Ates Goral over 13 years

@Dysaster: But const is merely a contextual, compile-time contract. The same object can have two facets (one const, one non-const) in two different contexts.
Ates Goral over 13 years

+1 The fact that the function has two separate contexts with different const-ness requirements is a clear sign that the function needs to be split into two functions.
Andreas Magnusson over 13 years

Now you have increased the complexity of the function by introducing a second variable that means the same thing as another? Very confusing for someone new to your code. I would strongly recommend one of the more popular solutions that moves the initialization code to another function (or lambda).
Andreas Magnusson over 13 years

Wow, very, very confusing. Consider working on a couple of hundred kloc project with code like this. Nightmare. KISS.
mb14 over 13 years

@Andreas: introducing a new function is also introducing complexity and using a lambda seems overhelming. Notice that every solution involving a function introduces as well a second variable.

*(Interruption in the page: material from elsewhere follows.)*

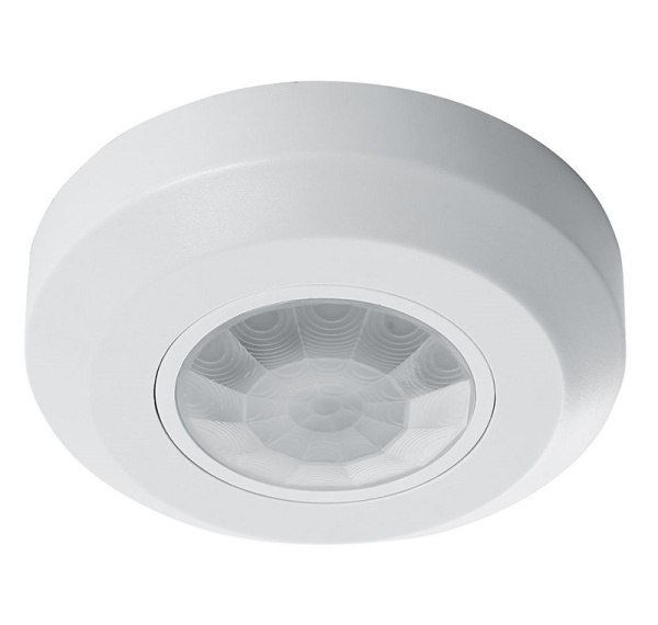 Датчик движения и освещенности SEN17 инфракрасный, потолочный, IP20, 230V, 400, расстояние обнаружения 8м, угол обнаружения 120°(гориз.), 360°(верт.), с регулировкой освещенности и времени задержки, цвет белый, 76*76*20,2мм.

My solution can be seen as lightweighted lambda version. However, personally I would probably use a function too or not put myself in that kind of situation. But the question is ask ninja trick , so i gave a ninja trick ;-).
Andreas Magnusson over 13 years

Even if the question was asking for some sort of ninja trick, the idea is to increase readability. A const local variable simplifies the code since the reader can rest assured that its value won't change later in the function. Your solution is a ninja stab in the back since that assumption no longer holds (especially if you follow the "tip" from AshleysBrain). The complexity is not just in the number of variables, it's also in the clarity of what they represent. By increasing the number of variables with no clear meaning, you impose an extra mental burden on the reader.
Ruslan over 6 years

You forgot the T const& v_; inside Constify.
Ayxan Haqverdili over 4 years

@doc you could make it a const reference as in const int& a = ComputeA(a_in);, then it would be the same object.
mip about 4 years

@Ayxan no, cause a_in is passed by value, which means that ComputeA already operates on a copy and not the same object as a_in.